Lizozim kararlılık perde ile denetlesinler ve Protein X, virüs-X projede hedef protein osmolyte ekran ile denetlesinler. Genellikle üretilen her iki proteinler eğrileri TSA, nanoDSF deneyleri (bkz: temsilcisi eğrileri rakamlarını eşlik eden) açıkça tanımlanmış denatürasyon geçişler ile eritin. Nerede değil üretmek yorumlanabilir eğrileri ile tanımlanmış denatürasyon geçiş yaptım örnekleri denatüre ve eklenmemiş Tm karşılaştırmaları yorumlanır birkaç durumda.

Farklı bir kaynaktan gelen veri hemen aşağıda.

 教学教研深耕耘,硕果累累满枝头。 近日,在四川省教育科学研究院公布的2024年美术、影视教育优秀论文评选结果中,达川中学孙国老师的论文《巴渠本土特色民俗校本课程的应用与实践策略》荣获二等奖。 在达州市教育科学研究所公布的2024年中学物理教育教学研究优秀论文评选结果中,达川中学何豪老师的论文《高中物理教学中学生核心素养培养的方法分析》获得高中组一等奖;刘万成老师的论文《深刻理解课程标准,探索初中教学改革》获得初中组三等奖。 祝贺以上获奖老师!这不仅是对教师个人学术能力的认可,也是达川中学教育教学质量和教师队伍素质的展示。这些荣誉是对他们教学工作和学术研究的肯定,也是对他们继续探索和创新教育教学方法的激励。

Şekil 7 örnek sonuçlarını tuz ekranından, amonyum klorür lizozim doğru termal dengelenmekte özelliklerini örnekli gösterir. Konsantrasyon bağımlılıklar gibi yukarıda gösterilen kez gelecek vaat eden koşulları göstergesi olmakla birlikte, termal istikrar genellikle kaynaklanmaktadır Eğer görmek için birkaç farklı tuzları ile iyonu konsantrasyonu artırmak sonuçları karşılaştırmak yararlı olabilir bir arabellek iyonik gücü artış veya belirli iyonları varlığı ek istikrar confers.

Tm değerleri ile pH perde (Şekil 8) lizozim, karşılaştırma iki bilgi parçasına ortaya koymaktadır. İlk olarak, azalan pH değerleri ile istikrar artan genel bir eğilim vardır. İkinci olarak, farklı tampon sistemleri aynı pH değerlerinde elde edilen aralığı Tm değerler önemli olabilir.

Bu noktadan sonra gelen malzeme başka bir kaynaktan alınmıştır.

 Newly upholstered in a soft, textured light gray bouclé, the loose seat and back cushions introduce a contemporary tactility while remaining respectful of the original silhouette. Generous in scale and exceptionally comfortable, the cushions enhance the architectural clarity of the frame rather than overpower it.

Şekil 8 verilerde TSA ve nanoDSF Bu denemede genellikle iyidir ama nanoDSF biraz daha yüksek Tm değerleri tanımlayan eğilimi gösterir ve biraz daha büyük Tm TSA vardiya öneriyor. Ancak, bazı kuyular üzerindeki 8.5 pH değerleri ile TSA ve nanoDSF elde edilen Tm değerler arasında büyük farklılıklar göstermektedir. Farklılıklar potansiyel olarak farklı pH değerlerinde proteini denatürasyon mekanizmasının atfedilen olabilir; Örneğin, bir hydrophobicity duyarlı boya bir protein hidrofobik bölgeler için solvent triptofan artıkları değişiklikleri ortamının daha önemli ölçüde daha hızlı polarite içinde maruz olur Eğer okuma bir nispeten düşük Tm verebilir.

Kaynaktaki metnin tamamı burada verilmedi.